* THE TASK *
All of the entries below should be printed exactly; the pictures are to be left out.

== RECORDS FOR THE EXERCISE ==

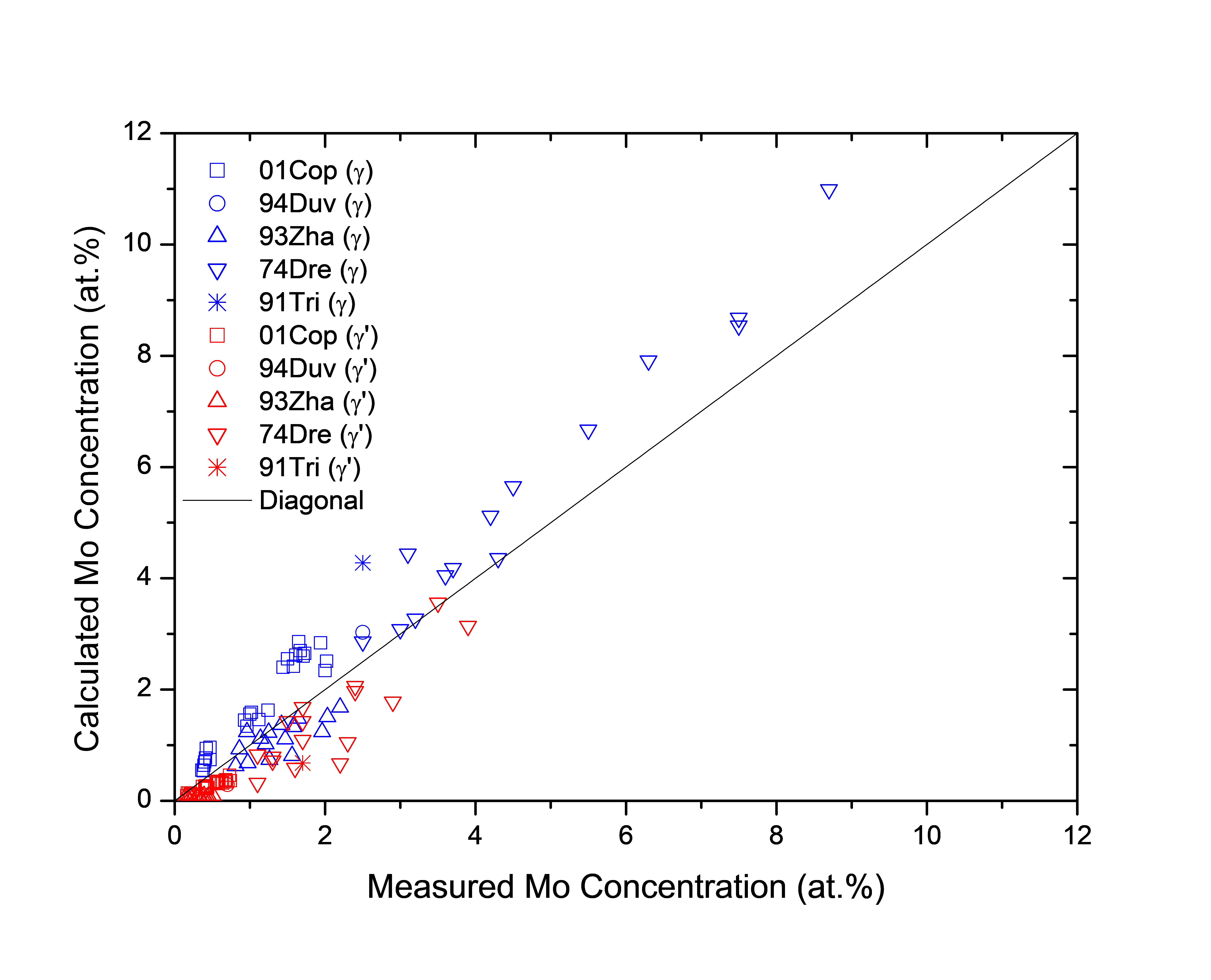 Figure 1.7: Comparison between the calculated and experimentally measured equilibrium compositions of Mo in γ and γ' phases
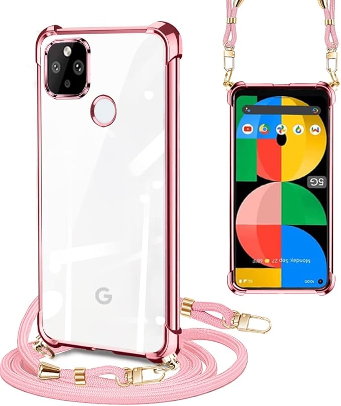 PAILAIMEN Google Pixel 5a ケース クリア ショルダー耐衝撃google pixel 5a カバー ストラップ ピクセル 5aスマホケース pixel5a ケース サムスン 肩掛け 斜めかけ 縄掛けケース透明 TPU ストラップ付き 薄型 軽量 紐付き 取り外し可能 携帯ケース(ローズゴールド)
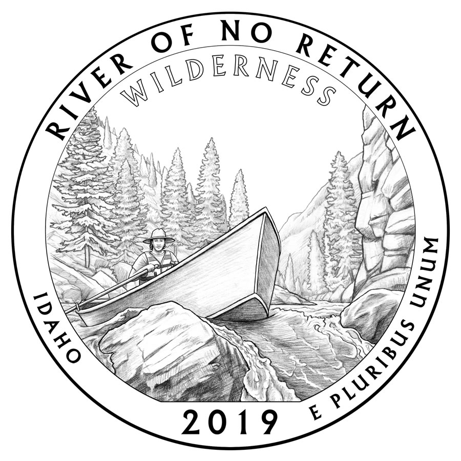 This design depicts a piloted drift boat on the rushing river encompassed by the trees and rock formations of the Wilderness. Inscriptions are "RIVER OF NO RETURN," "WILDERNESS," "IDAHO," "2019," and "E PLURIBUS UNUM."
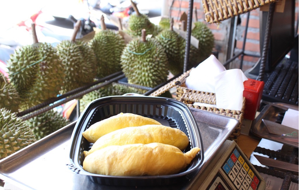 Người mua phải trả tiền gấp 2 lần để mua sầu riêng Ri 6, những trái sầu riêng này được chủ cửa hàng cam kết sầu riêng chín tự nhiên, bao ăn nên khách không được mang nguyên trái về để tránh rủi ro.
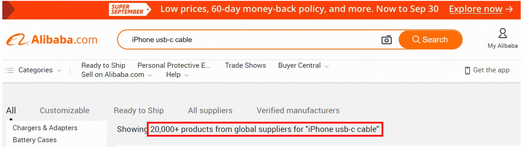 阿里國際站一夜多了2萬款“蘋果USB-C數(shù)據(jù)線”產(chǎn)品
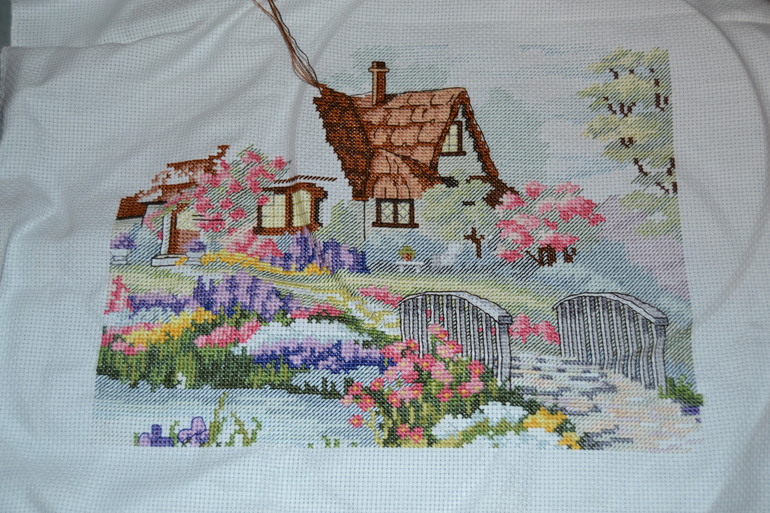 Всем привет!На этой недели закончила домик-дачу.Хочу сделать из нее наволочку.Покажу чем еще занималась,тоже медленно идет и кропотливо-похоже на вышивку.А так как я подсела на вебинары по декупажу при этом я вышиваю начну новогоднюю картинку в подарок.Всем желаю легких крестиков и хорошего настроения!!!
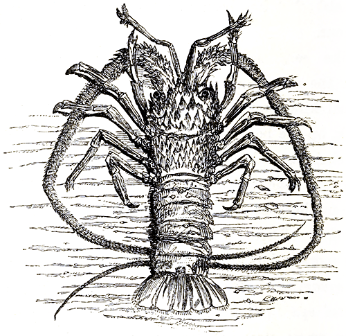 The coral reefs fringing the island of Mauritius afford shelter to members of the family of Palinurus, which in both size and splendour of colouring far excel those taken in our seas. Some we had an opportunity of examining when freshly caught, by the fishermen of that fertile isle, looked so much like works of art that we could almost fancy Pallisey, that king of potters, must have returned to life, and that these were some of his choicest productions. Some were of delicate sea-green banded with white and ultra-marine blue, alternately. Others were striped with pale yellow, black, and green, whilst all were so highly glazed, and carried such a brilliant polish, that we deeply regretted the perishable nature of living things, and sighed as we reflected on the waste of so much loveliness on the more than half-heathen crew of Malabar coolies who grinned and chattered round the captives, and who had no appreciation whatever for crustacean perfection, except in association with rice and a brass cooking-pot.
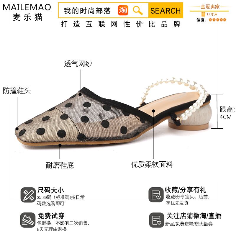 包頭ハーフスリッパの女性は、ミュラースリッパ女性と一緒に厚いネットレッドファッションメッシュ糸真珠の2020新しいバージョンを着用します 部族の婦人靴6578916
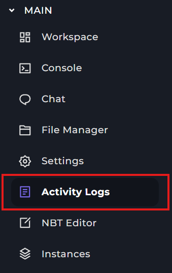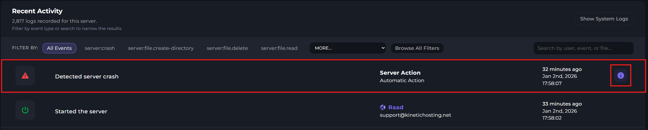 Once you open the activity logs, you'll be met with a screen like this; where you can view your most recent activities, which also include server crashes.
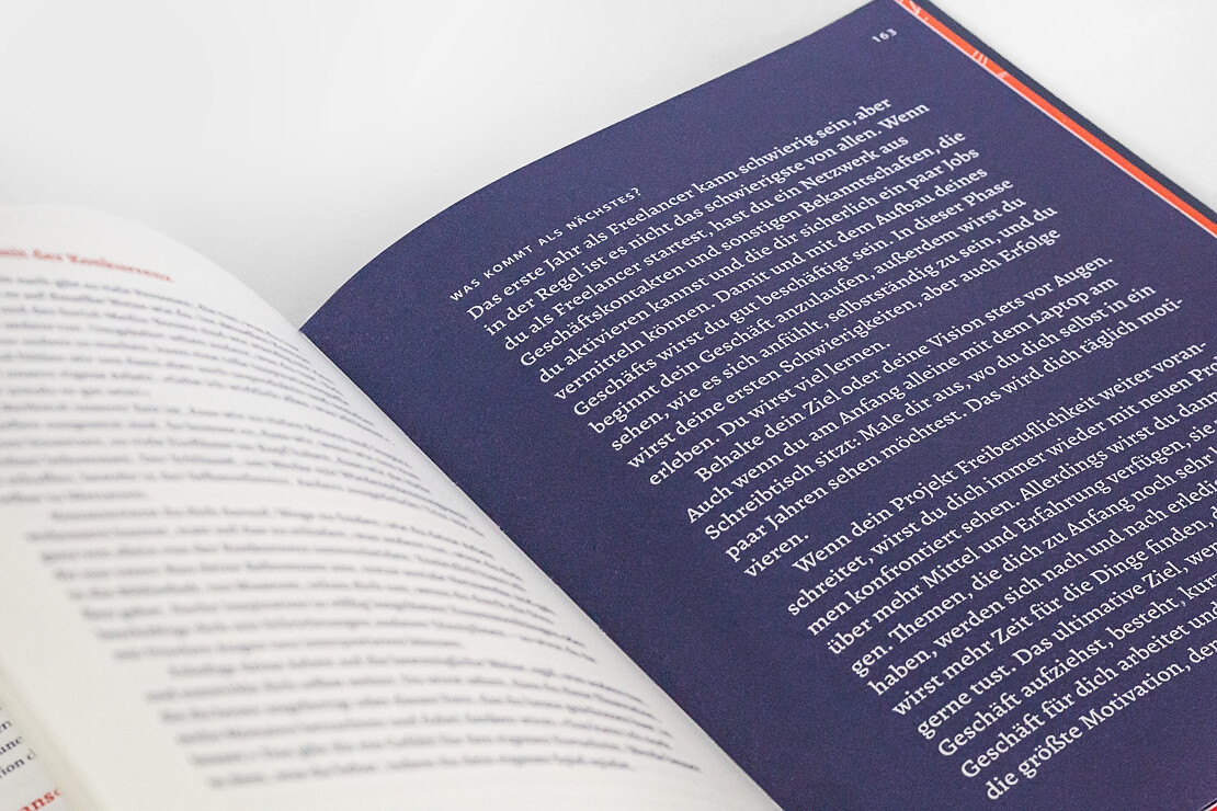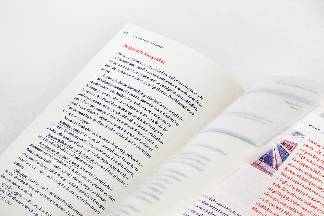 Außerdem geht es um den Arbeitsalltag als Freiberufler, sich selbst zu präsentieren, ums Ausführen von Aufträgen sowie um wichtige Themen wie beispielsweise Finanzmanagement, Angebote, Briefings und weitere Bereiche. Somit erhält man einen realistischen Überblick über das, was auf Kreative nach der Selbständigkeit alles zukommt.
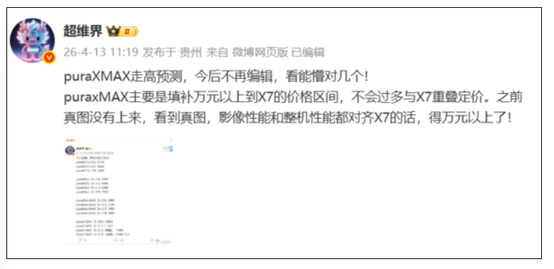 華為下一代旗艦 Pura 90 系列近期再有最新動向,據業內博主「超維界」的最新分析,華為正計劃透過全新的機型佈局來填補市場價格真空帶,當中討論度最高是傳聞中的頂規型號 Pura X Max。這款新機的定位相當明確,主要目標是接軌傳統旗艦與摺疊螢幕手機 Mate X7 之間的價格區間。
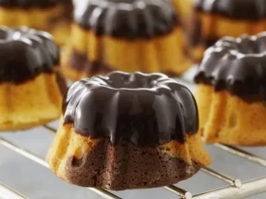 Spoon out a third of the batter into another bowl. Stir the melted chocolate and the cocoa powder into this and stir until blended. Spoon the batter into 2 piping bags fitted with a plain tip (or no tip) and pipe vanilla and chocolate batter intermittently into each mini bundt pan. Use a bamboo skewer to swirl the batter just a little. Bake the cakes for about 20 minutes, until a skewer inserted in the centre of the cake comes out clean. Cool the cakes for 30 minutes then turn the cakes out to cool completely before glazing.
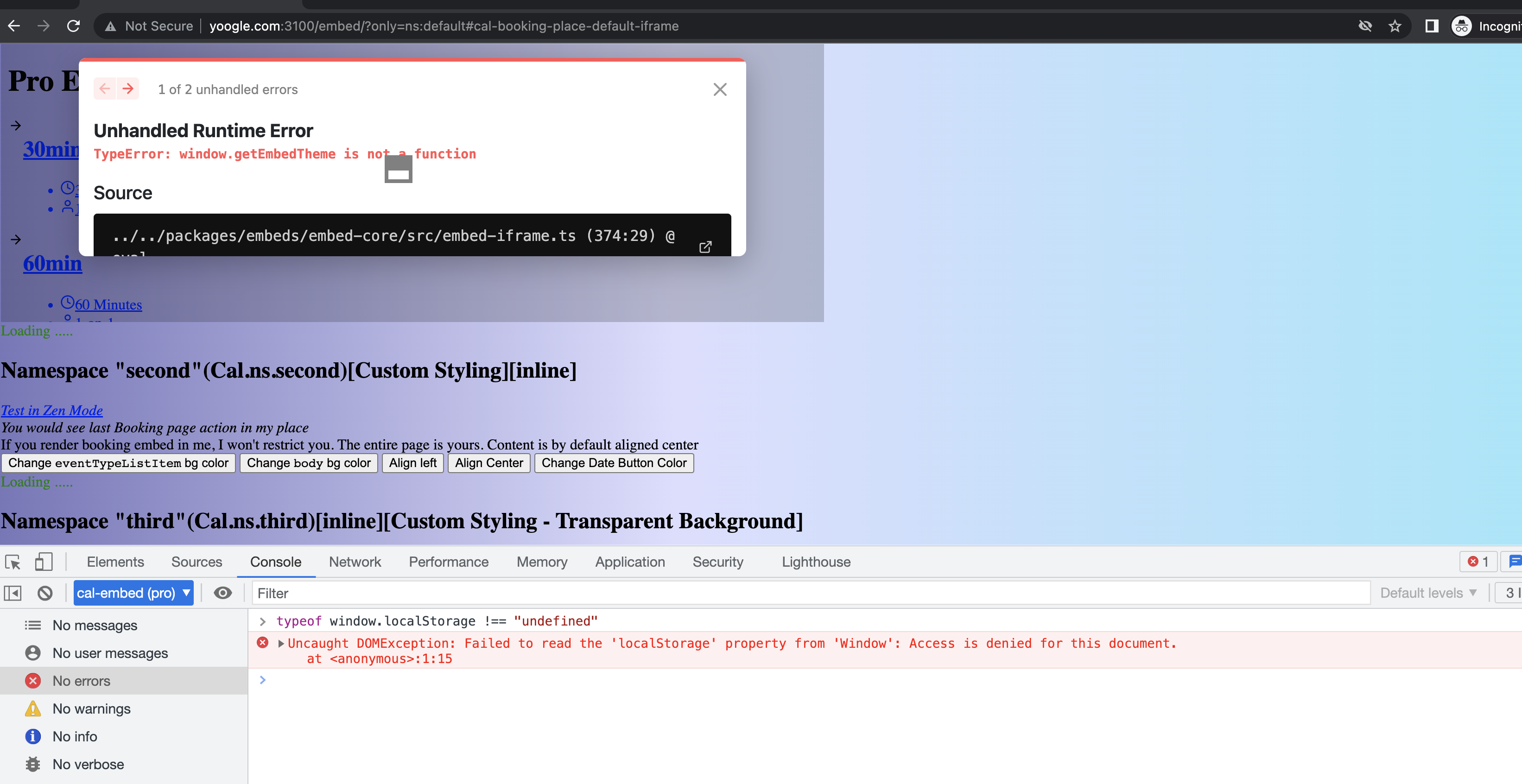 @emrysal Yeah, Chrome is very strict. You are not even allowed to read localStorage/sessionStorage properties in cross-domain incognito mode. |
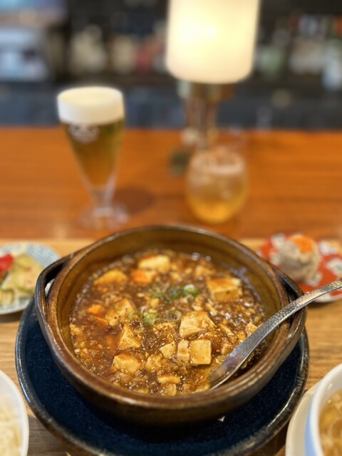 麻婆豆腐と一緒に頂きたいランチビールが400円とお得なのも嬉しい♥️
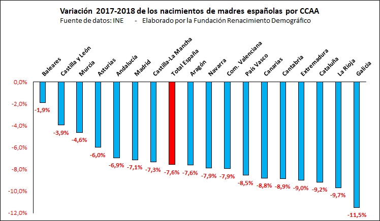 - La caída en el número de hijos de españolas fue especialmente abrupta en Galicia, seguida de La Rioja, Cataluña, Extremadura, Cantabria, Canarias y País Vasco.

===

* COMPLETED TASK *
 Figure 1.7: Comparison between the calculated and experimentally measured equilibrium compositions of Mo in γ and γ' phases
 PAILAIMEN Google Pixel 5a ケース クリア ショルダー耐衝撃google pixel 5a カバー ストラップ ピクセル 5aスマホケース pixel5a ケース サムスン 肩掛け 斜めかけ 縄掛けケース透明 TPU ストラップ付き 薄型 軽量 紐付き 取り外し可能 携帯ケース(ローズゴールド)
 This design depicts a piloted drift boat on the rushing river encompassed by the trees and rock formations of the Wilderness. Inscriptions are "RIVER OF NO RETURN," "WILDERNESS," "IDAHO," "2019," and "E PLURIBUS UNUM."
 Người mua phải trả tiền gấp 2 lần để mua sầu riêng Ri 6, những trái sầu riêng này được chủ cửa hàng cam kết sầu riêng chín tự nhiên, bao ăn nên khách không được mang nguyên trái về để tránh rủi ro.
 阿里國際站一夜多了2萬款“蘋果USB-C數(shù)據(jù)線”產(chǎn)品
 Всем привет!На этой недели закончила домик-дачу.Хочу сделать из нее наволочку.Покажу чем еще занималась,тоже медленно идет и кропотливо-похоже на вышивку.А так как я подсела на вебинары по декупажу при этом я вышиваю начну новогоднюю картинку в подарок.Всем желаю легких крестиков и хорошего настроения!!!
 The coral reefs fringing the island of Mauritius afford shelter to members of the family of Palinurus, which in both size and splendour of colouring far excel those taken in our seas. Some we had an opportunity of examining when freshly caught, by the fishermen of that fertile isle, looked so much like works of art that we could almost fancy Pallisey, that king of potters, must have returned to life, and that these were some of his choicest productions. Some were of delicate sea-green banded with white and ultra-marine blue, alternately. Others were striped with pale yellow, black, and green, whilst all were so highly glazed, and carried such a brilliant polish, that we deeply regretted the perishable nature of living things, and sighed as we reflected on the waste of so much loveliness on the more than half-heathen crew of Malabar coolies who grinned and chattered round the captives, and who had no appreciation whatever for crustacean perfection, except in association with rice and a brass cooking-pot.
 包頭ハーフスリッパの女性は、ミュラースリッパ女性と一緒に厚いネットレッドファッションメッシュ糸真珠の2020新しいバージョンを着用します 部族の婦人靴6578916
 Once you open the activity logs, you'll be met with a screen like this; where you can view your most recent activities, which also include server crashes.
 Außerdem geht es um den Arbeitsalltag als Freiberufler, sich selbst zu präsentieren, ums Ausführen von Aufträgen sowie um wichtige Themen wie beispielsweise Finanzmanagement, Angebote, Briefings und weitere Bereiche. Somit erhält man einen realistischen Überblick über das, was auf Kreative nach der Selbständigkeit alles zukommt.
 華為下一代旗艦 Pura 90 系列近期再有最新動向,據業內博主「超維界」的最新分析,華為正計劃透過全新的機型佈局來填補市場價格真空帶,當中討論度最高是傳聞中的頂規型號 Pura X Max。這款新機的定位相當明確,主要目標是接軌傳統旗艦與摺疊螢幕手機 Mate X7 之間的價格區間。
 Spoon out a third of the batter into another bowl. Stir the melted chocolate and the cocoa powder into this and stir until blended. Spoon the batter into 2 piping bags fitted with a plain tip (or no tip) and pipe vanilla and chocolate batter intermittently into each mini bundt pan. Use a bamboo skewer to swirl the batter just a little. Bake the cakes for about 20 minutes, until a skewer inserted in the centre of the cake comes out clean. Cool the cakes for 30 minutes then turn the cakes out to cool completely before glazing.
 @emrysal Yeah, Chrome is very strict. You are not even allowed to read localStorage/sessionStorage properties in cross-domain incognito mode. |
 麻婆豆腐と一緒に頂きたいランチビールが400円とお得なのも嬉しい♥️
 - La caída en el número de hijos de españolas fue especialmente abrupta en Galicia, seguida de La Rioja, Cataluña, Extremadura, Cantabria, Canarias y País Vasco.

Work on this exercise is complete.